To answer the first question I haven't heard anything happening with King of Hell manhwa being animated. I believe it's possible for this series to become animated but it very rare for a korean manhwa to get a adaptation. The only manhwa that I know of that got a anime series was "Shin Angyo Onshi" but I believe I read somewhere that the author wanted his series animated and went to Japan to have it done.

If King of Hell continues gets a much bigger fanbase then they'll possibly consider making an adaptation. 

Also this may be going of topic but to give an idea how popular KOH currently is in Korea on Chapter 47 a popular Korean manhwa site, KOH in one of the catergorys in the bottom of the page is currently ranked 4th place.


----------



## Toddler Naruto (Jun 21, 2011)

Majeh-Sama said:


> To answer the first question I haven't heard anything happening with King of Hell manhwa being animated. I believe it's possible for this series to become animated but it very rare for a korean manhwa to get a adaptation. The only manhwa that I know of that got a anime series was "Shin Angyo Onshi" but I believe I read somewhere that the author wanted his series animated and went to Japan to have it done.
> 
> If King of Hell continues gets a much bigger fanbase then they'll possibly consider making an adaptation.



Thank you, that's the answer I was looking for.


----------



## Typhoon Gunner (Jun 22, 2011)

Blade said:


> Wow. In this armor, he is a fucking badass.



If you check out the preview chapter 316 in the link down below it looks like Majeh is fighting which I'm not sure if it's the same Dragon or another one.

Also preview chapter 315 shows Murin checking out Older Dohwa which I assume she is a spirit now since she died back in chapter 2. 

Chapter 47

The site is in Korean but if you look half way down you'll see links to preview chapters 308-317. Chapter 308-314 are in volume 38. Chapter 315, 316, and 317 will most likely appear in volume 39.


----------



## Ninja Warrior (Jun 30, 2011)

Majeh-Sama said:


> If you check out the preview chapter 316 in the link down below it looks like Majeh is fighting which I'm not sure if it's the same Dragon or another one.
> 
> Also preview chapter 315 shows Murin checking out Older Dohwa which I assume she is a spirit now since she died back in chapter 2.
> 
> ...



I was checking those links out and too bad they only show only a couple of pages of each chapter. So from the looks of it, the first Dohwa looks like she's being held captive by Murin.
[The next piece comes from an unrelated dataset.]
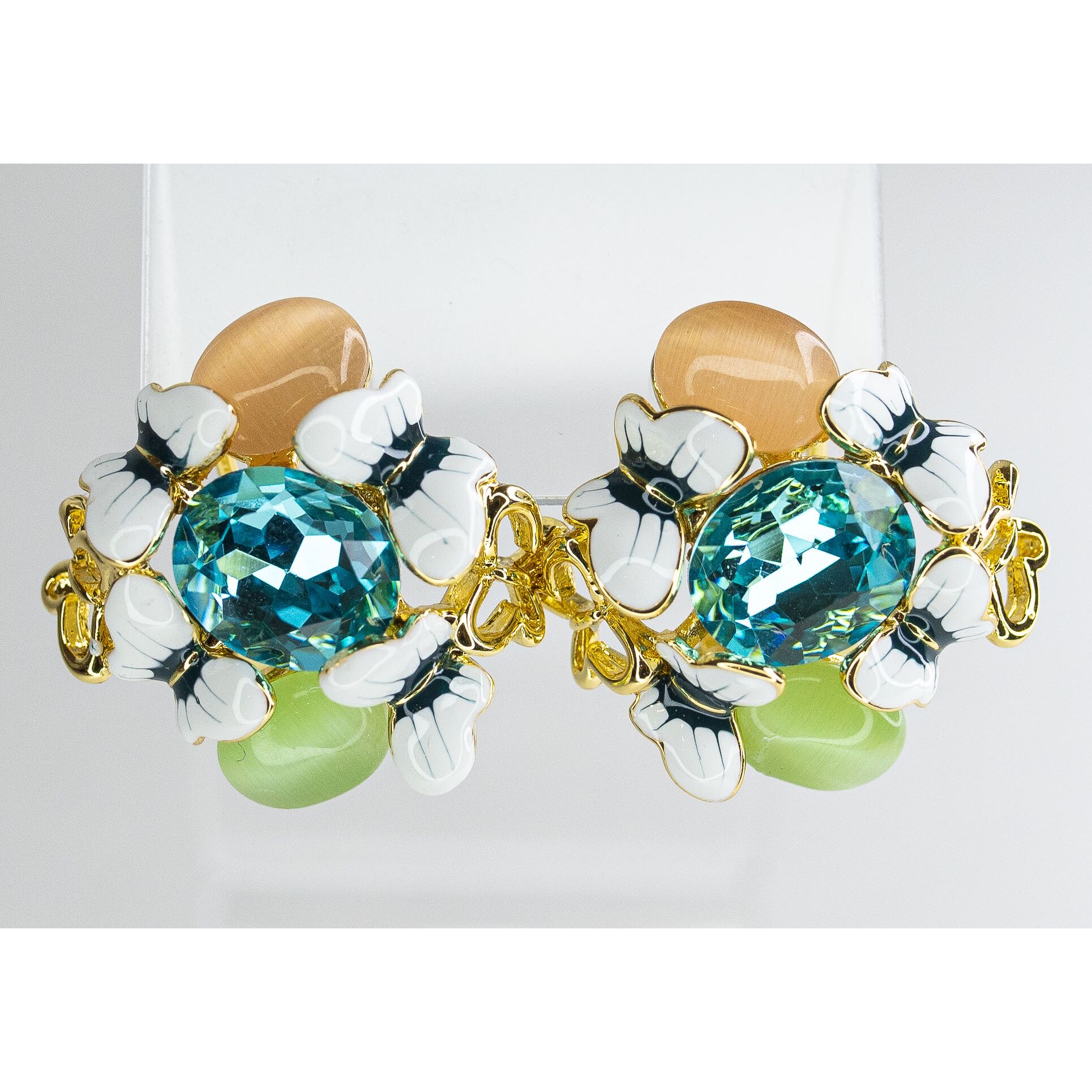 Серьги из гипоаллергенного ювелирного сплава желтого цвета. Вставка- ювелирное стекло, цвет- голубой и улексит ( кошачий глаз) салатового и бежевого цвета. Покрытие эмалью белого и черного цвета. Высота серег-2,5см, ширина-3см. Итальянский замок (швенза-1,2см и застежка- клипса).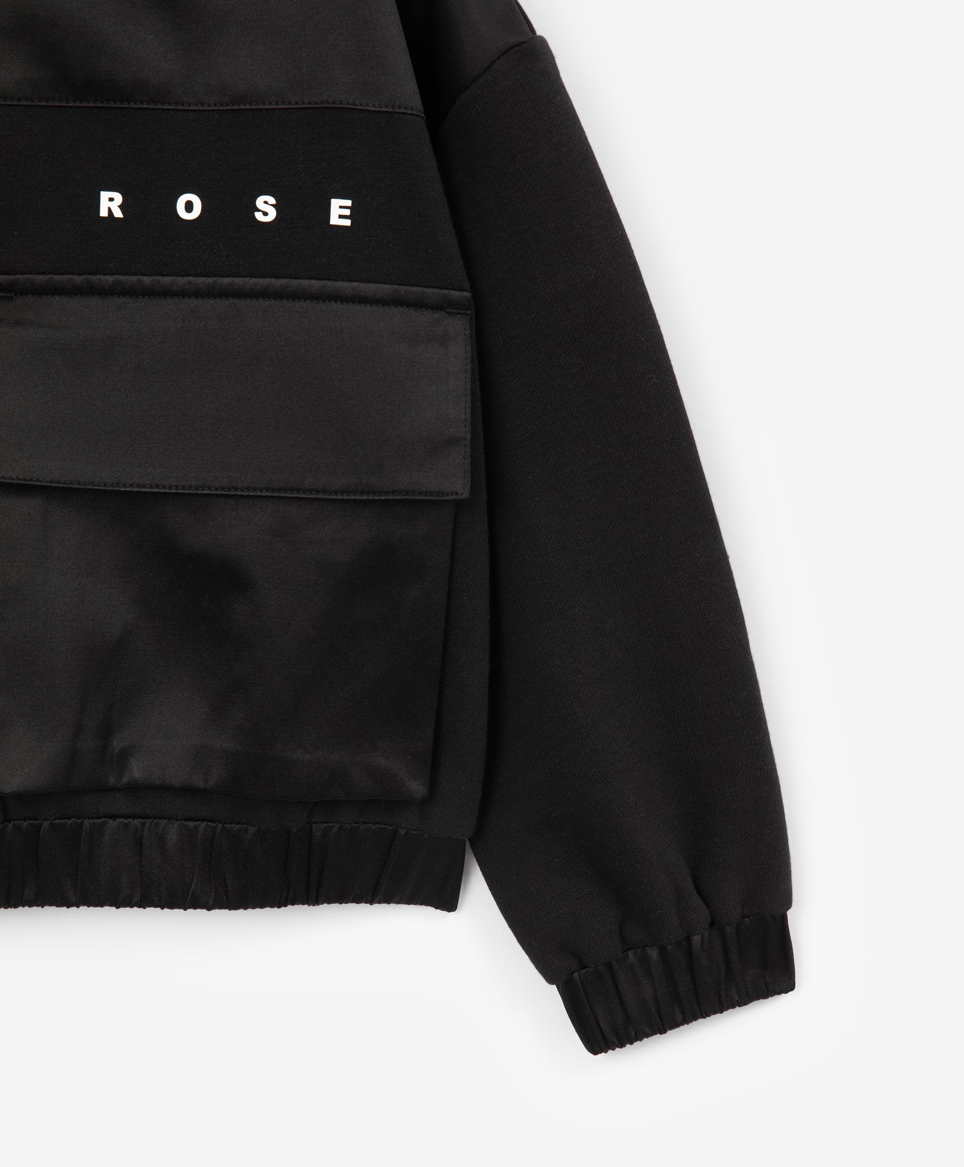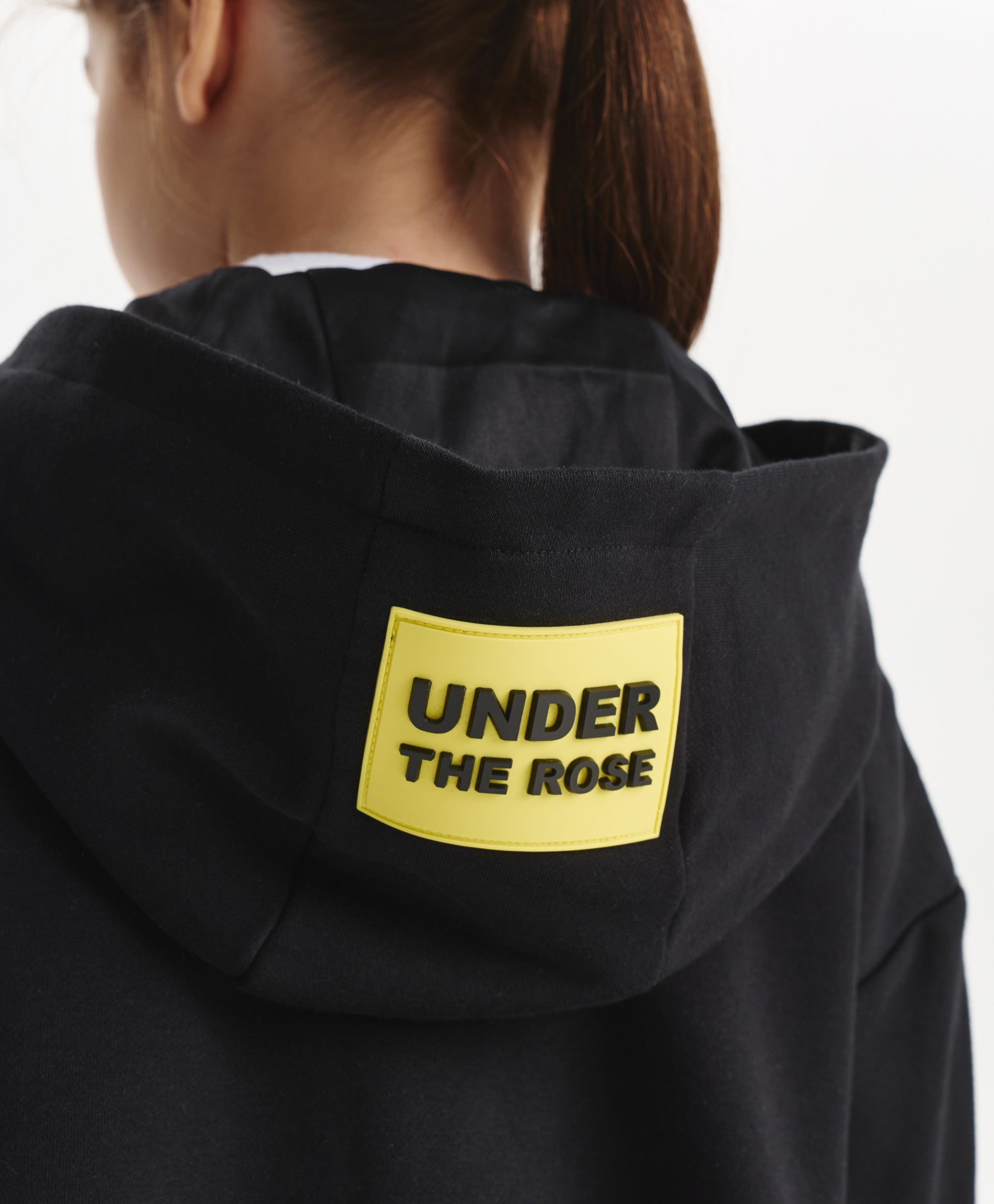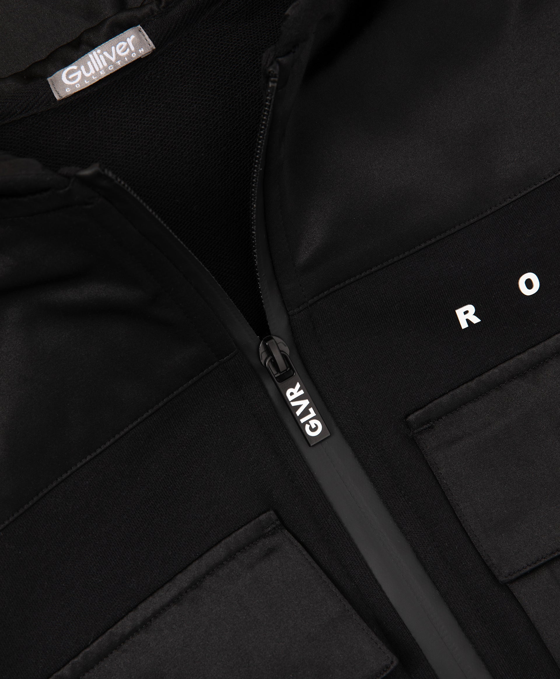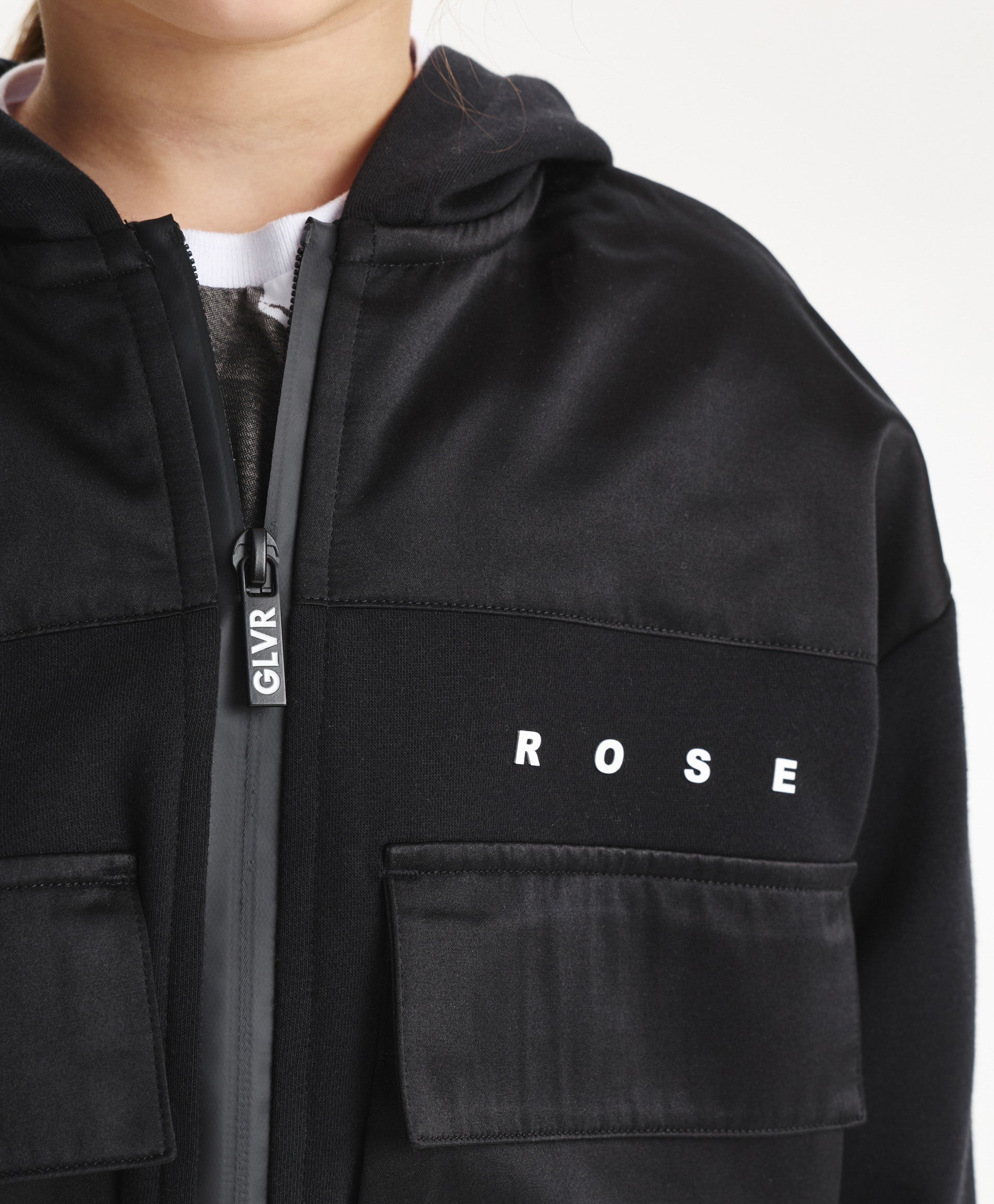 A stylish black bomber-style sweatshirt for girls, designed in a relaxed fit with dropped shoulders. Made from durable cotton French terry, it ensures comfort and shape retention. The textured contrast between the main fabric and the textile yoke adds a modern edge. Large flap pockets give the sweatshirt a practical and trendy look, while the hood with a contrast text patch and minimalist lettering details complete the sporty aesthetic. Perfect for dynamic everyday fall looks.

Also question on those three men that you've mention in your post earlier. Do you or anybody know if they're the masterminds of releasing the 7 demons from hell?


----------



## Typhoon Gunner (Jun 30, 2011)

Ninja Warrior said:


> I was checking those links out and too bad they only show only a couple of pages of each chapter. So from the looks of it, the first Dohwa looks like she's being held captive by Murin.
> 
> Also question on those three men that you've mention in your post earlier. Do you or anybody know if they're the masterminds of releasing the 7 demons from hell?



For the moment it looks like it. I like to see what Majeh will do when he learns that Murin has older Dohwa prisioner.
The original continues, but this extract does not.